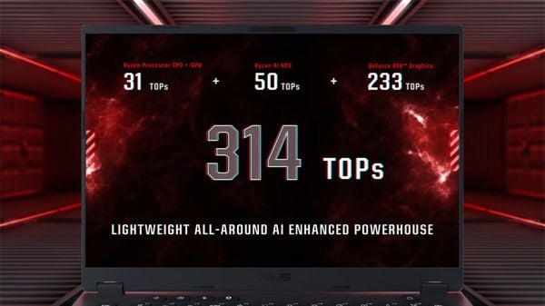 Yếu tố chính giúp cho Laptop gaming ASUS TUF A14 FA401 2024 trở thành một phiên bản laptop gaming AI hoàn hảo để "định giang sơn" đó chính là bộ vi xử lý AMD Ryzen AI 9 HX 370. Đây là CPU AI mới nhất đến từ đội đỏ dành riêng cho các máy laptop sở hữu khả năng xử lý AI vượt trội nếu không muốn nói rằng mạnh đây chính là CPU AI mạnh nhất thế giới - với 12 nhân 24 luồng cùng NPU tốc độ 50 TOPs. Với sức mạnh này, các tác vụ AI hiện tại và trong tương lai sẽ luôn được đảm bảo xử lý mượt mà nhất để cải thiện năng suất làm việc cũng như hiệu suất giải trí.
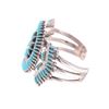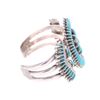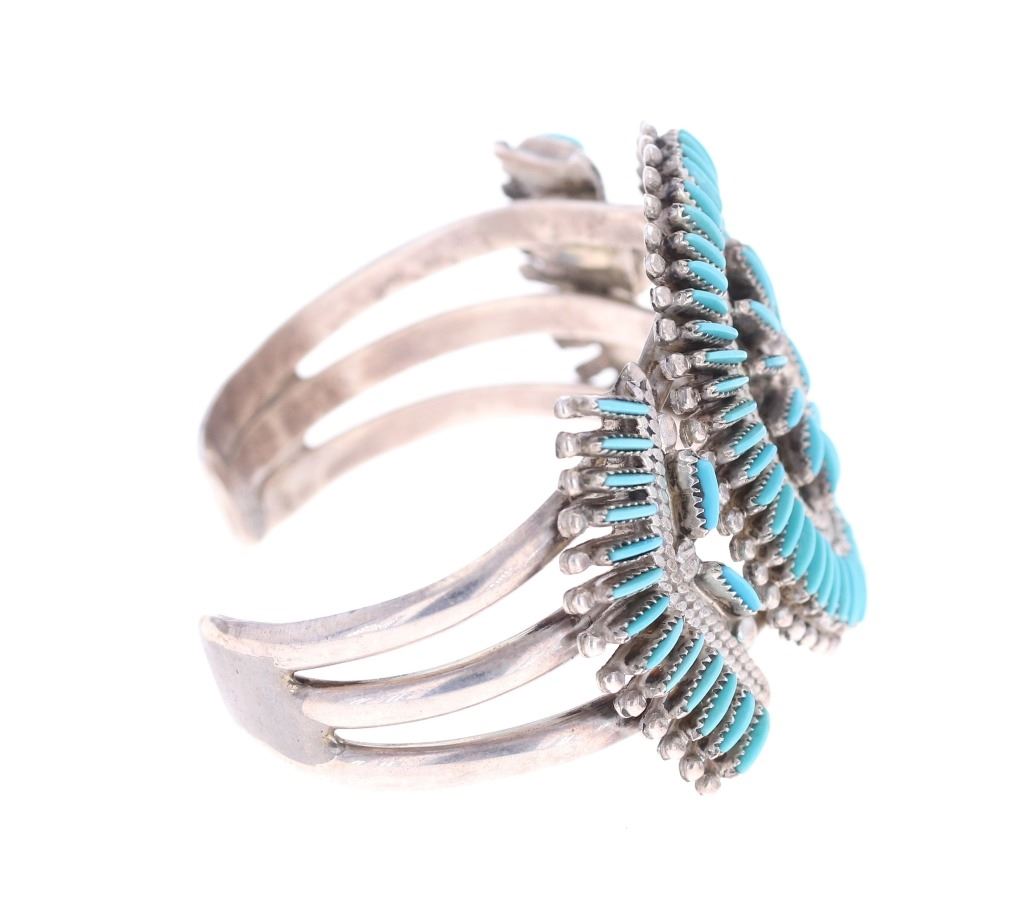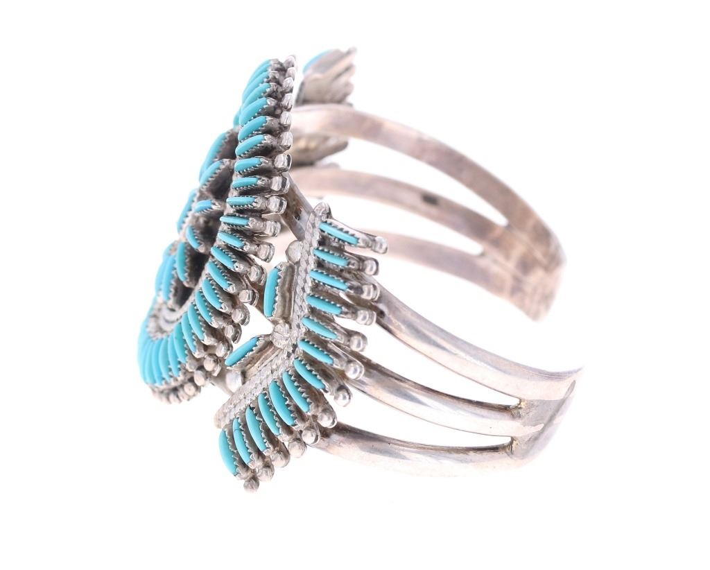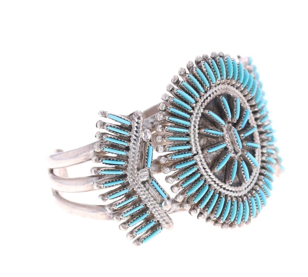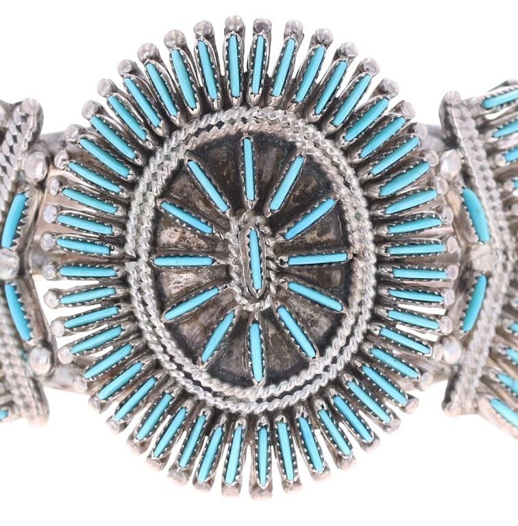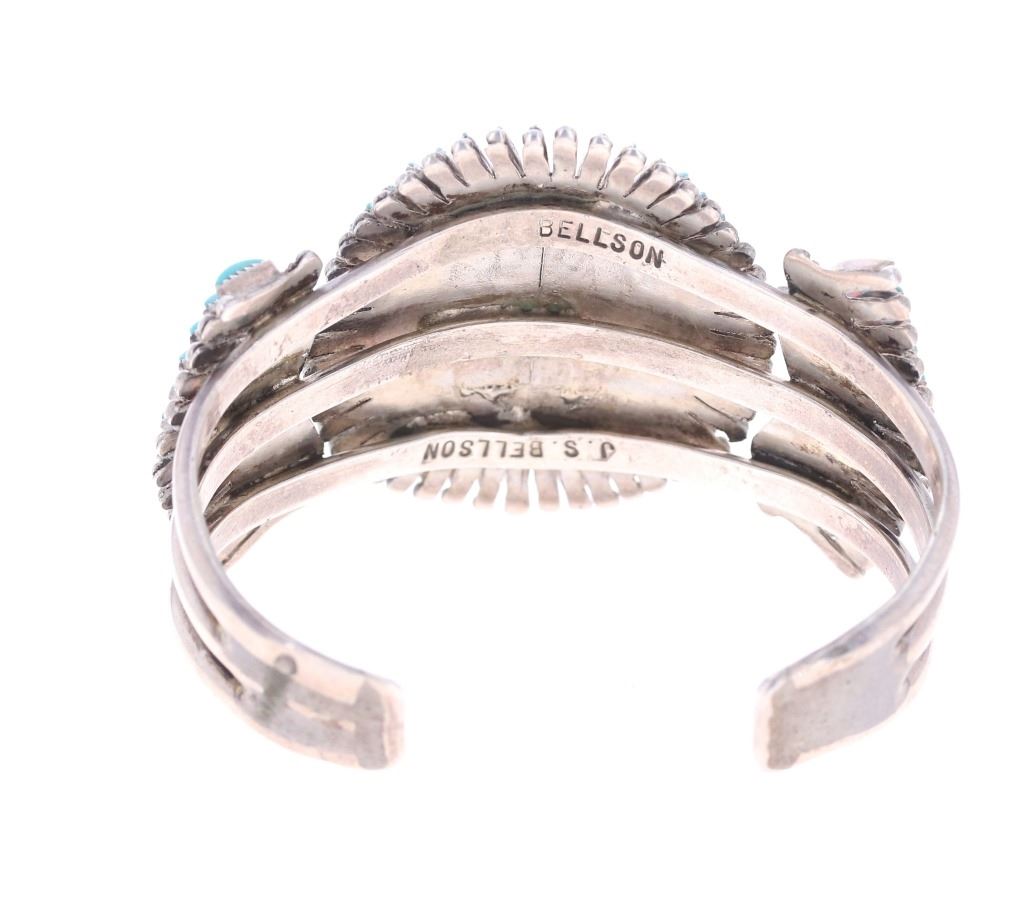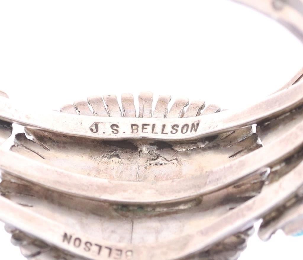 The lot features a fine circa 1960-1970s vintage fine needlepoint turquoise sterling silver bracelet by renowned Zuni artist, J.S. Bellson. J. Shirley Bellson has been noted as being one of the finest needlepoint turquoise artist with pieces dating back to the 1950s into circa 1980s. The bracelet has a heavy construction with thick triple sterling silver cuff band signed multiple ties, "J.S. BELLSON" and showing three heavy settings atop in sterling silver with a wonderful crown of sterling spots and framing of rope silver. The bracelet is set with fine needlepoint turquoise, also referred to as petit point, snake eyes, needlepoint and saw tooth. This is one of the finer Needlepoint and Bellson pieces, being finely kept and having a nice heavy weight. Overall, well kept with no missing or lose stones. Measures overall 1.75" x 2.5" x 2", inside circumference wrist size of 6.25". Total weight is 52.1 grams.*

--

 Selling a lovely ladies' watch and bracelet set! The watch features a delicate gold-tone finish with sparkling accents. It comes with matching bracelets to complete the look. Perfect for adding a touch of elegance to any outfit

---

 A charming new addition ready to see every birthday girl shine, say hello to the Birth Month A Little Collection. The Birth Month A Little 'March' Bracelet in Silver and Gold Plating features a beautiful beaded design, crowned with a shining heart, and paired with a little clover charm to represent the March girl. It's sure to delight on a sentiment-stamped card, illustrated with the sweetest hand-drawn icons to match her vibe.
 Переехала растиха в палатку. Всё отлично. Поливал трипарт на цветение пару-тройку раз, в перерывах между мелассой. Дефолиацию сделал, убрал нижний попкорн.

> _What is being asked_:
Using the data above, copy exactly the lines from the one containing "Yếu tố chính" to the one containing "The lot features", inclusive. Exclude the pictures.

> _Reply to the exercise_:
 Yếu tố chính giúp cho Laptop gaming ASUS TUF A14 FA401 2024 trở thành một phiên bản laptop gaming AI hoàn hảo để "định giang sơn" đó chính là bộ vi xử lý AMD Ryzen AI 9 HX 370. Đây là CPU AI mới nhất đến từ đội đỏ dành riêng cho các máy laptop sở hữu khả năng xử lý AI vượt trội nếu không muốn nói rằng mạnh đây chính là CPU AI mạnh nhất thế giới - với 12 nhân 24 luồng cùng NPU tốc độ 50 TOPs. Với sức mạnh này, các tác vụ AI hiện tại và trong tương lai sẽ luôn được đảm bảo xử lý mượt mà nhất để cải thiện năng suất làm việc cũng như hiệu suất giải trí.
 The lot features a fine circa 1960-1970s vintage fine needlepoint turquoise sterling silver bracelet by renowned Zuni artist, J.S. Bellson. J. Shirley Bellson has been noted as being one of the finest needlepoint turquoise artist with pieces dating back to the 1950s into circa 1980s. The bracelet has a heavy construction with thick triple sterling silver cuff band signed multiple ties, "J.S. BELLSON" and showing three heavy settings atop in sterling silver with a wonderful crown of sterling spots and framing of rope silver. The bracelet is set with fine needlepoint turquoise, also referred to as petit point, snake eyes, needlepoint and saw tooth. This is one of the finer Needlepoint and Bellson pieces, being finely kept and having a nice heavy weight. Overall, well kept with no missing or lose stones. Measures overall 1.75" x 2.5" x 2", inside circumference wrist size of 6.25". Total weight is 52.1 grams.*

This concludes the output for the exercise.